### Your goal
In the material below, the line holding "- For the same" and every line after it should be reproduced exactly, please, with pictures omitted.
====== Data segment ======
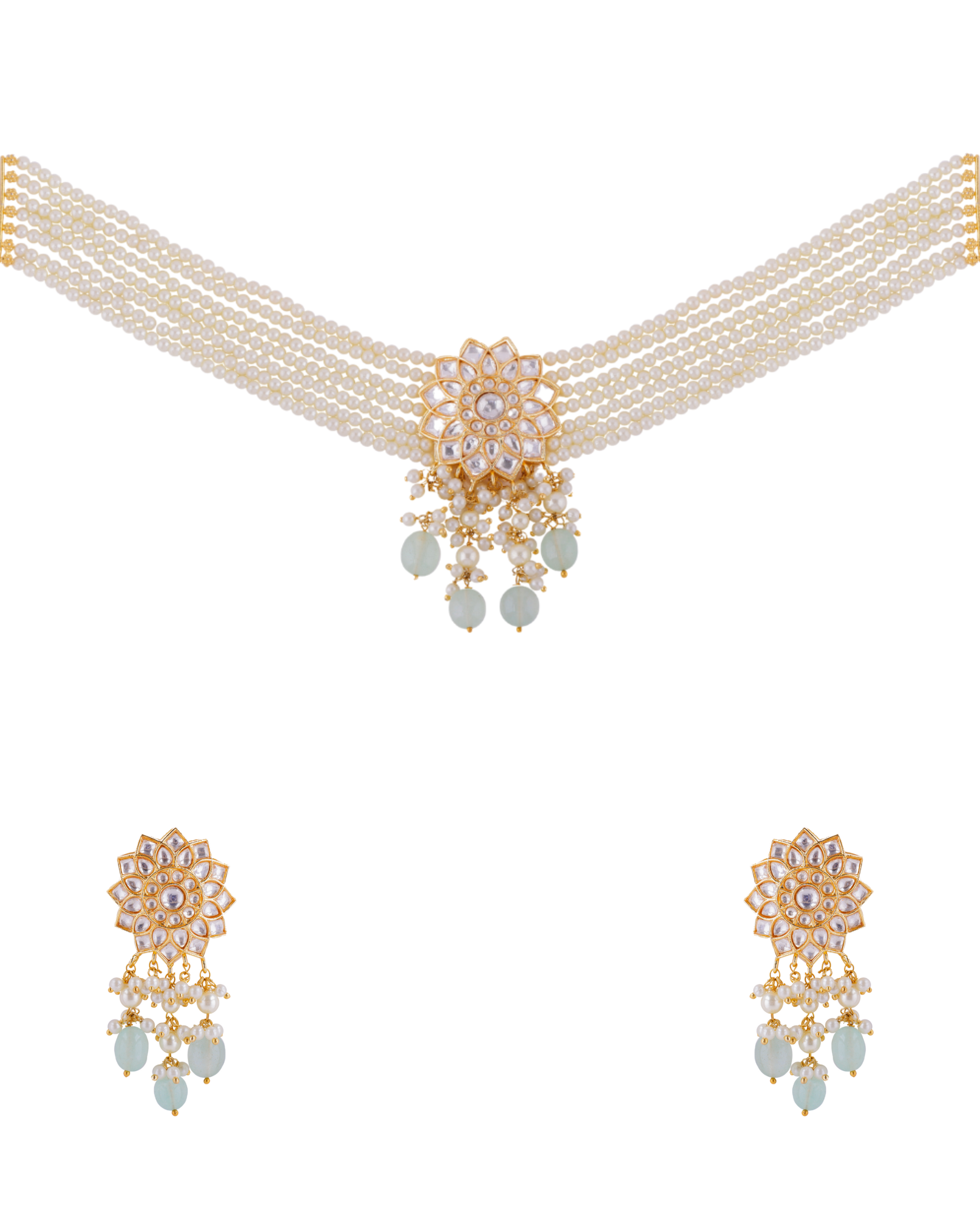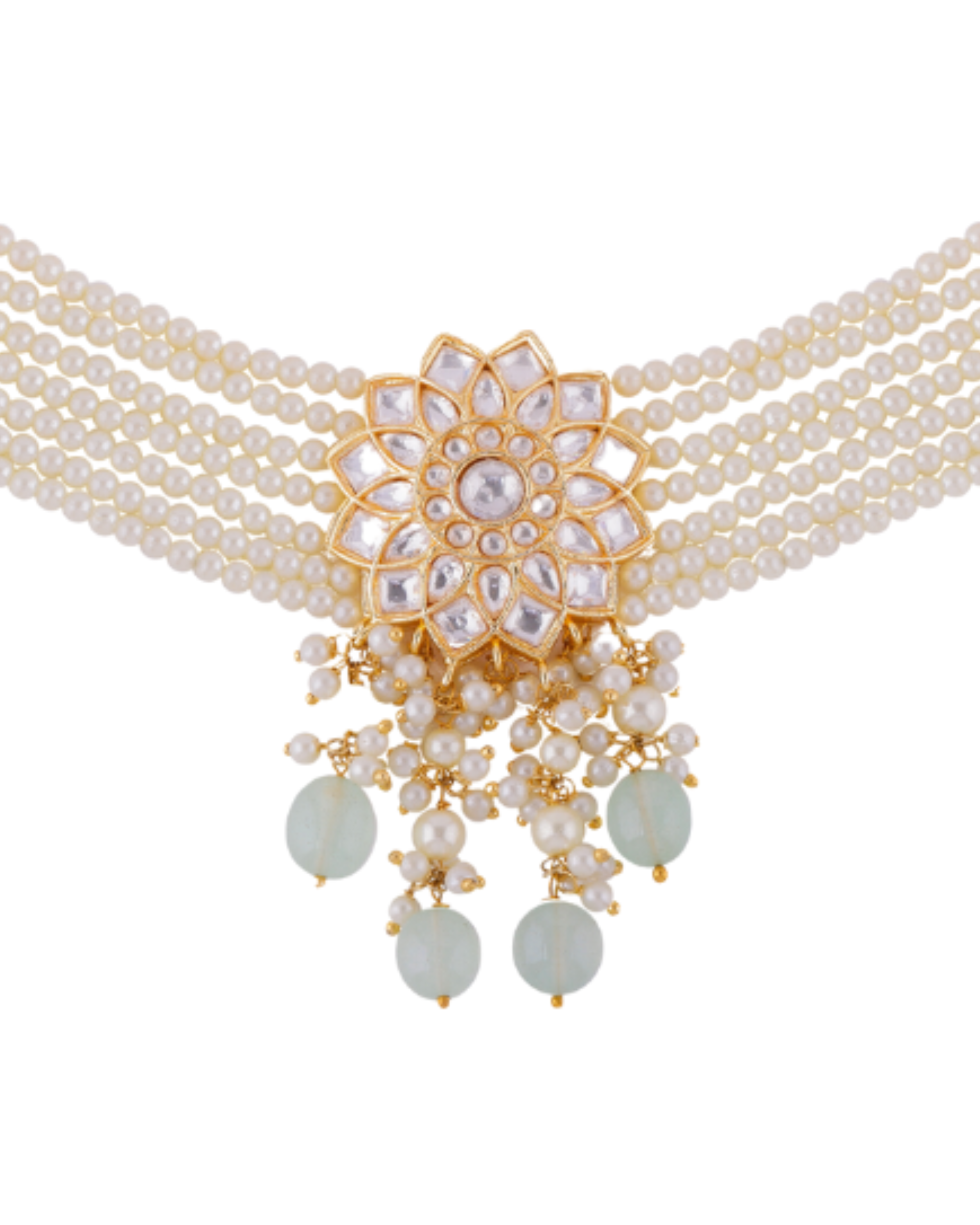 Rukmani Kundan Pearl Beaded Choker Necklace Set
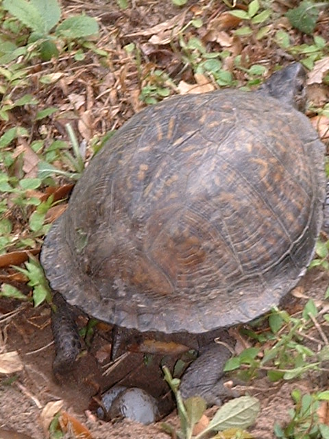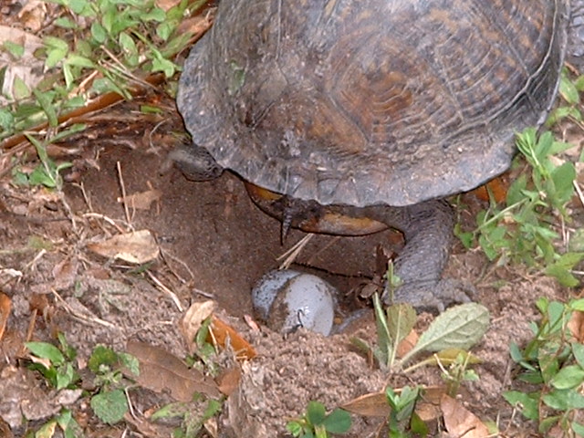 Kiddo came running in, "mom you got to see this" (does anyone remember the 4 foot iguana he found?) so I run/creep out there to find her digging a hole across the street. The house is vacant but owned. Supposedly it takes 3 months to hatch and the likelihood is that the raccoons will get to them first.
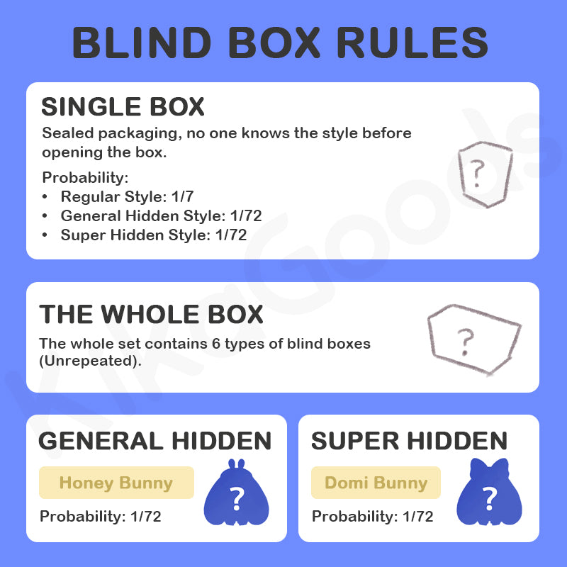 - For the same blind box product across multiple orders, we cannot guarantee there will be no duplicates.
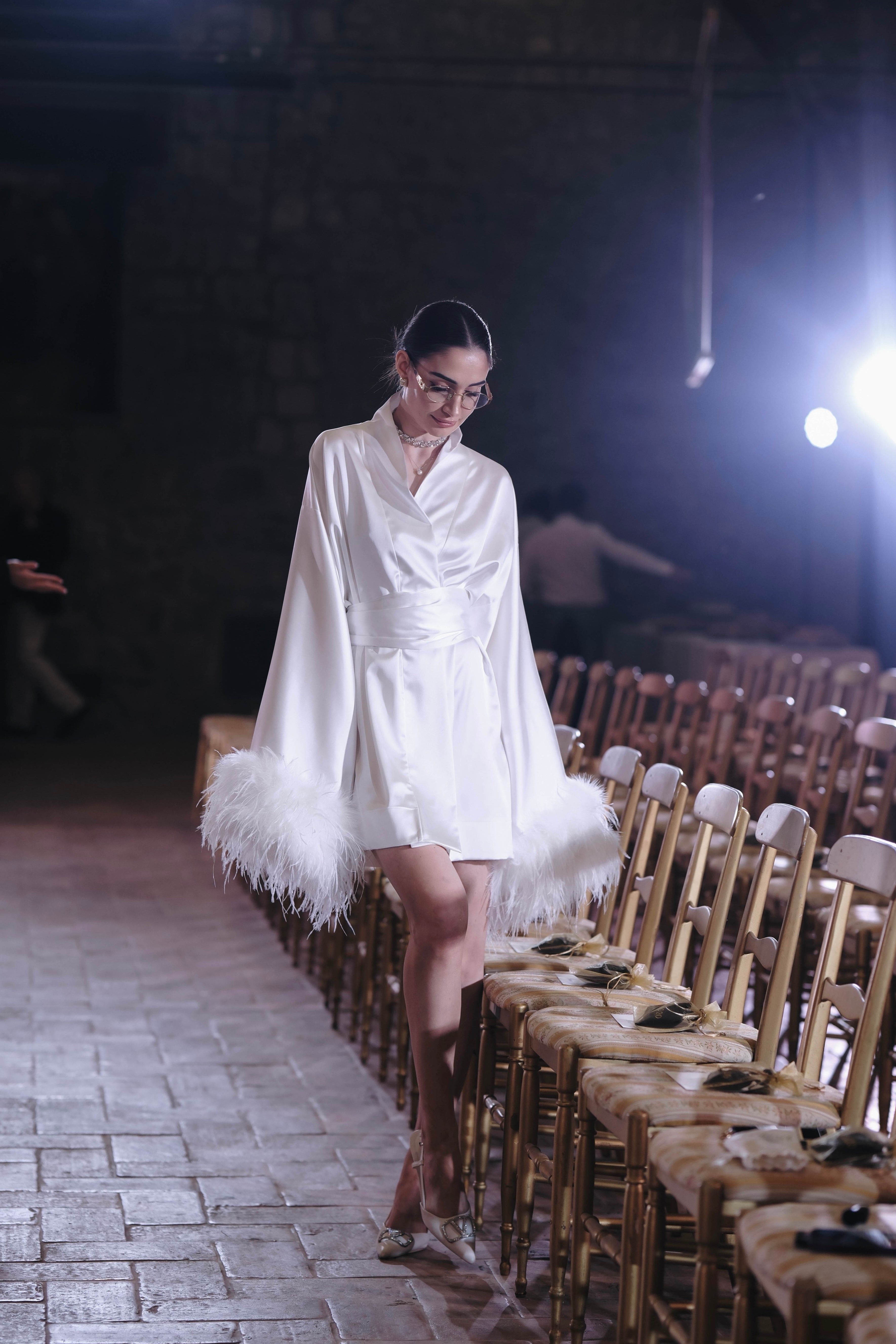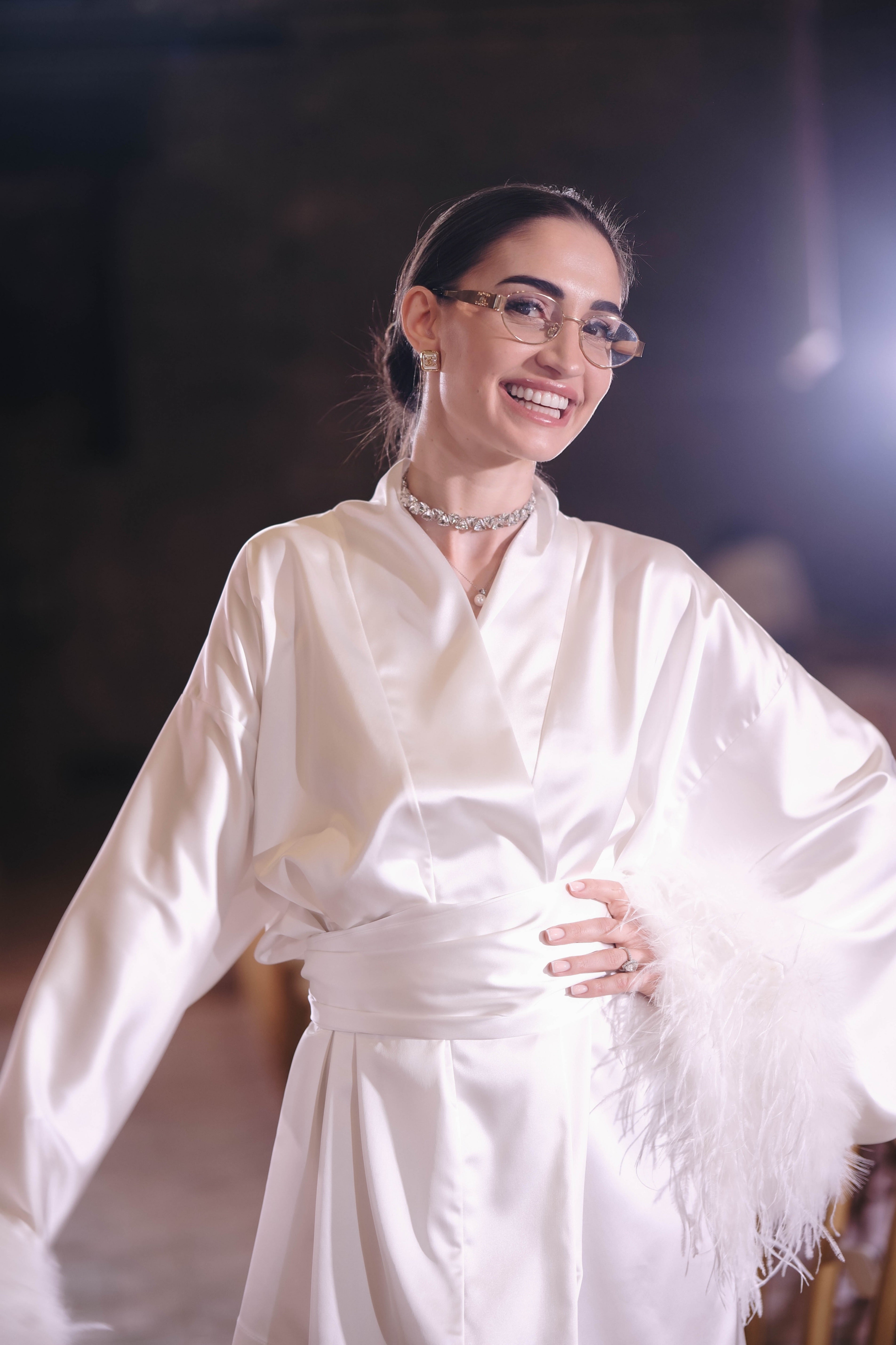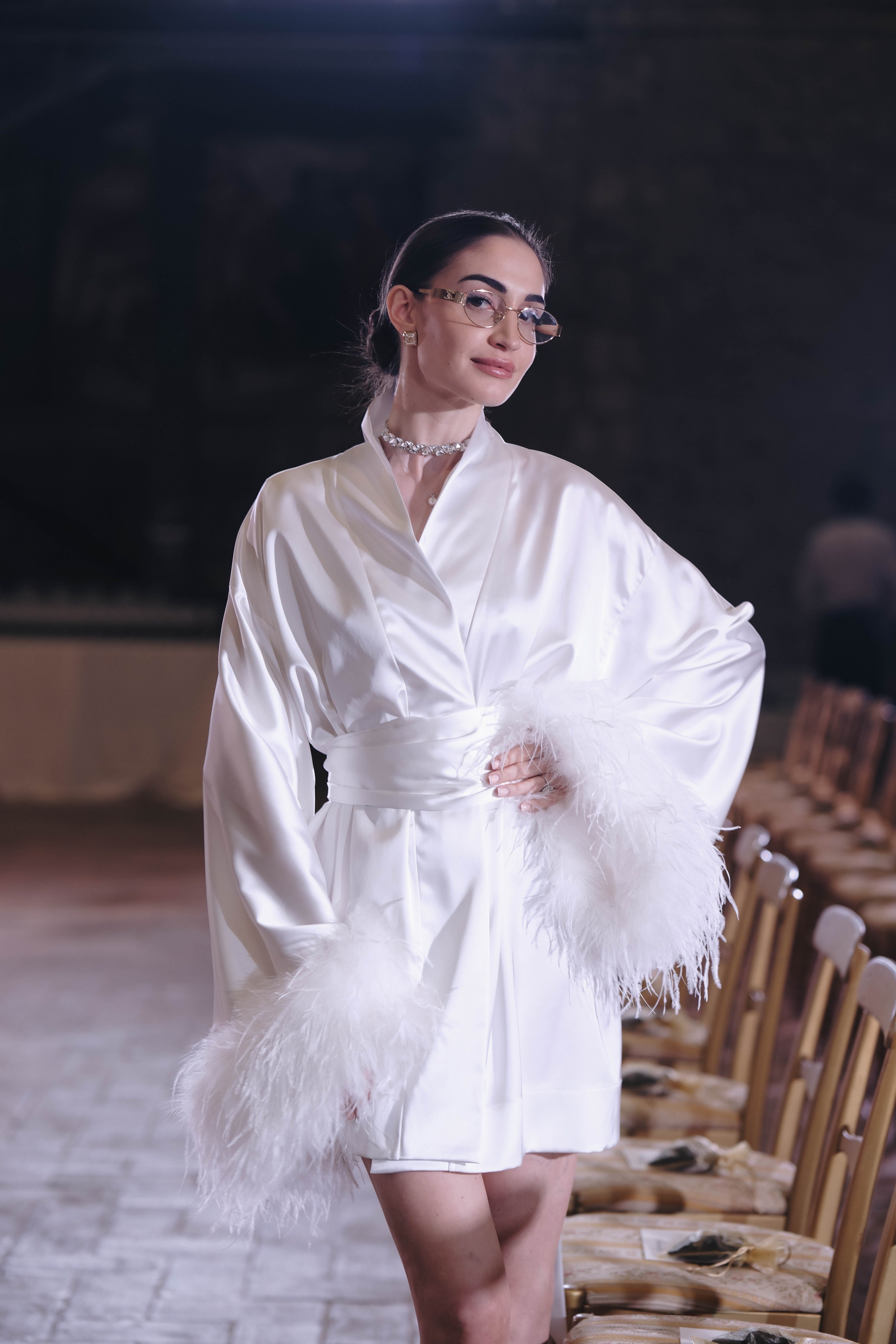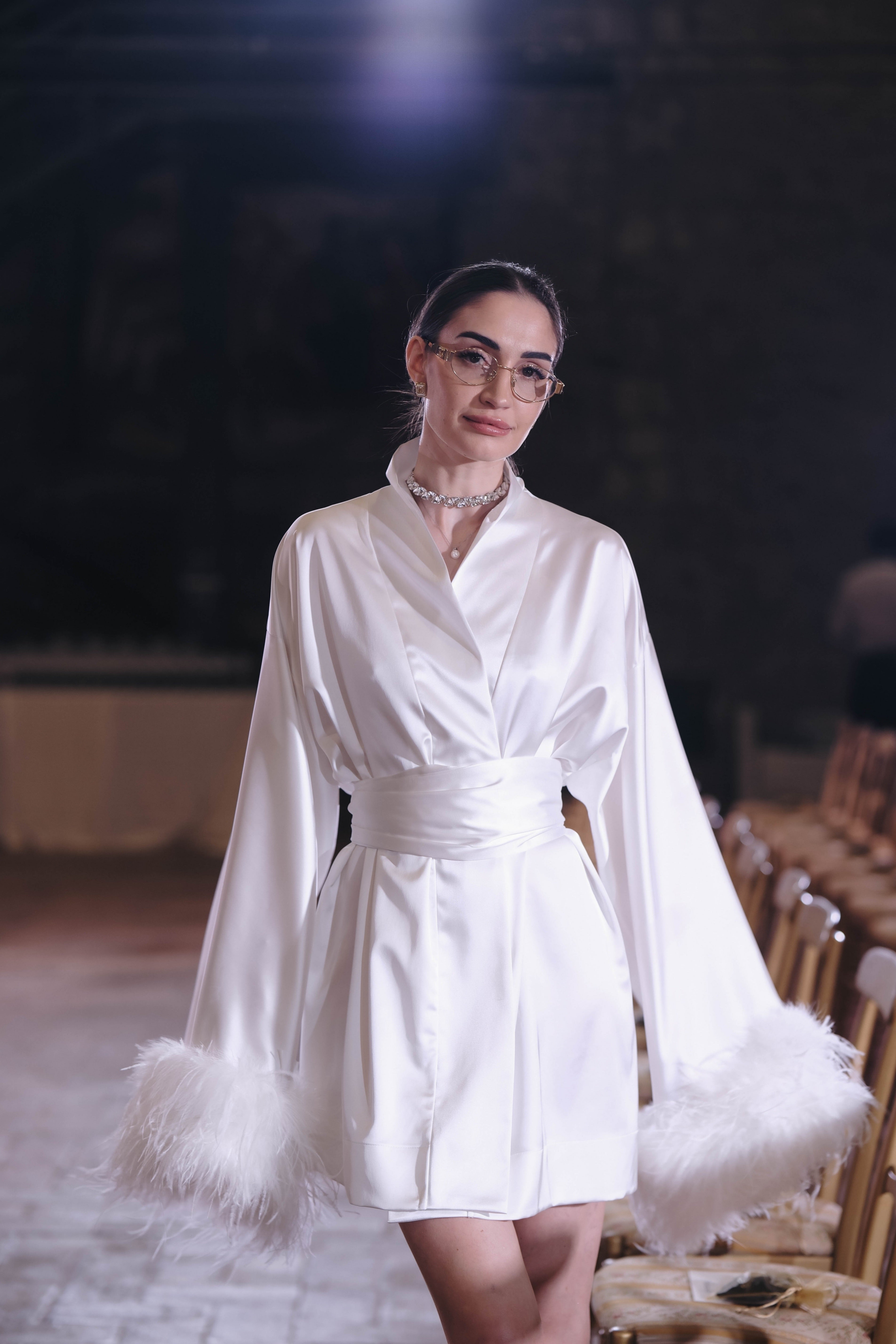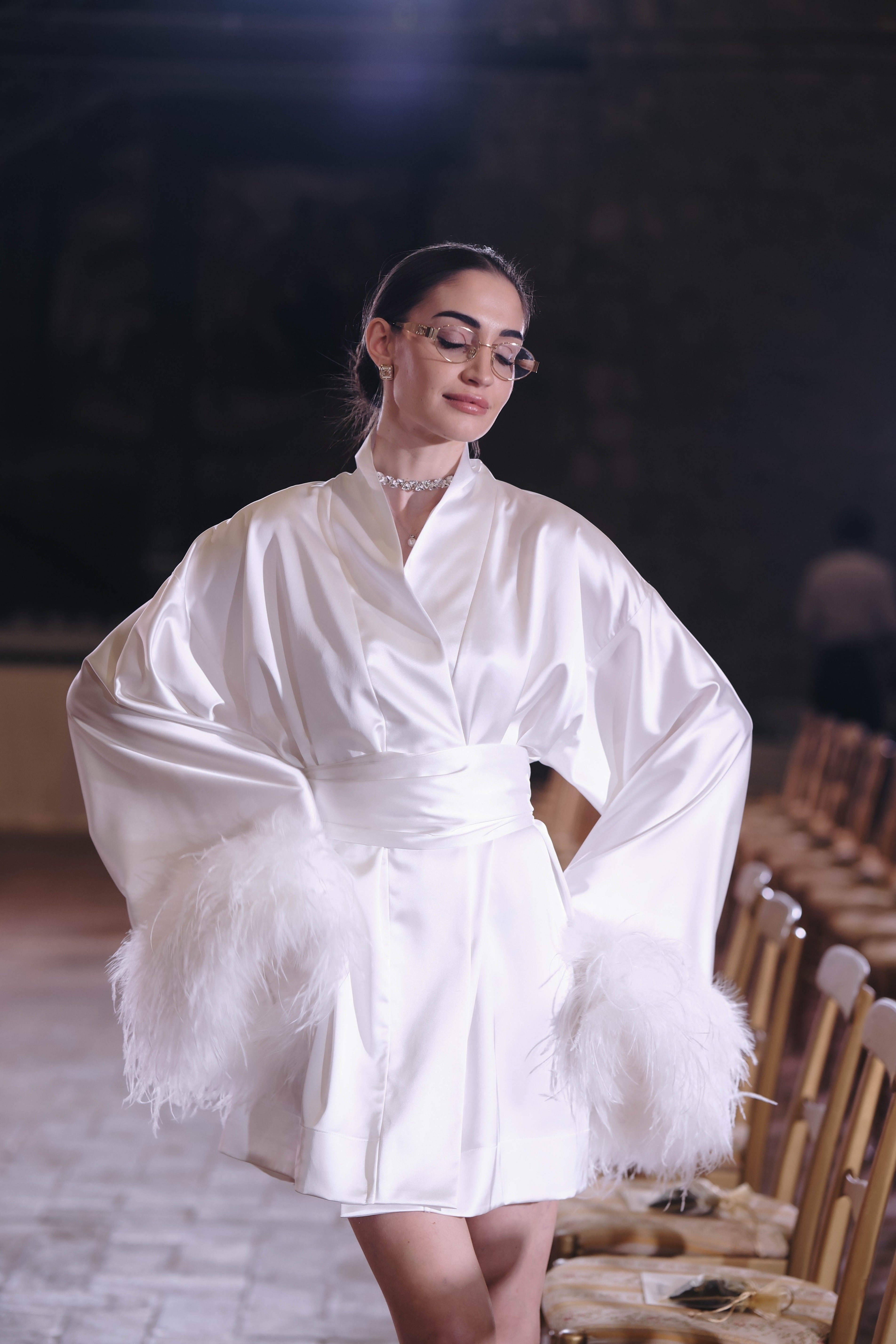 Luxurious kimono with feathers in white: Raya
======
### Exercise output
 - For the same blind box product across multiple orders, we cannot guarantee there will be no duplicates.
 Luxurious kimono with feathers in white: Raya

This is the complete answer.